Interesting judgment in 2 Entertain Video Ltd v Sony DADC Europe Ltd [2020] which is likely to have an impact on how providers and customers of warehousing, distribution and logistics services approach risk allocation and liability in their contracts.  The case related to a break-in and arson attack at the defendant's warehousing facilities during the 2011 London riots, as a result of which the claimant lost large volumes of stock.
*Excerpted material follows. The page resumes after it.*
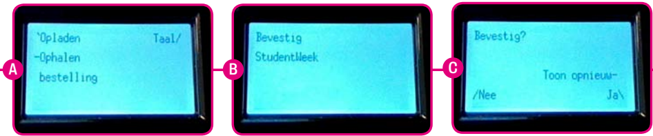
Getoonde beeldscherm kan enigszins afwijken.

The judgment is notable for a number of reasons.  First, liability arising from the riots and resulting fire was not excused by the force majeure provisions (despite riot and fire both being referred to in the force majeure definition).  This was on the basis that the warehouse provider could have taken reasonable precautions to prevent the break-in and fire occurring.  Perhaps of more importance to warehousing, distribution and logistics providers, a contract term which sought to limit the warehouse provider's liability for "any loss of or damage to Client's Materials or Client's Goods" to "their manufacturing replacement cost" was held to apply only to the claimant's claim for loss of goods, and did not prevent the claimant from recovering knock-on losses such as loss of profit and business interruption losses.  Finally, the judgment serves as yet another reminder that loss of profits, revenue and business interruption, in the context of many business to business contracts, are likely to be considered direct loss and will therefore not be caught by an exclusion of indirect and consequential loss. 

The decision means that logistics, distribution and warehouse providers should revisit their standard form contracts to ensure that, where they intend to exclude liability for financial losses (such as loss of revenue and profit) and to limit their liability to the cost of replacement of the goods only (when the goods are lost or damaged), the terms governing liability are carefully crafted to achieve that outcome.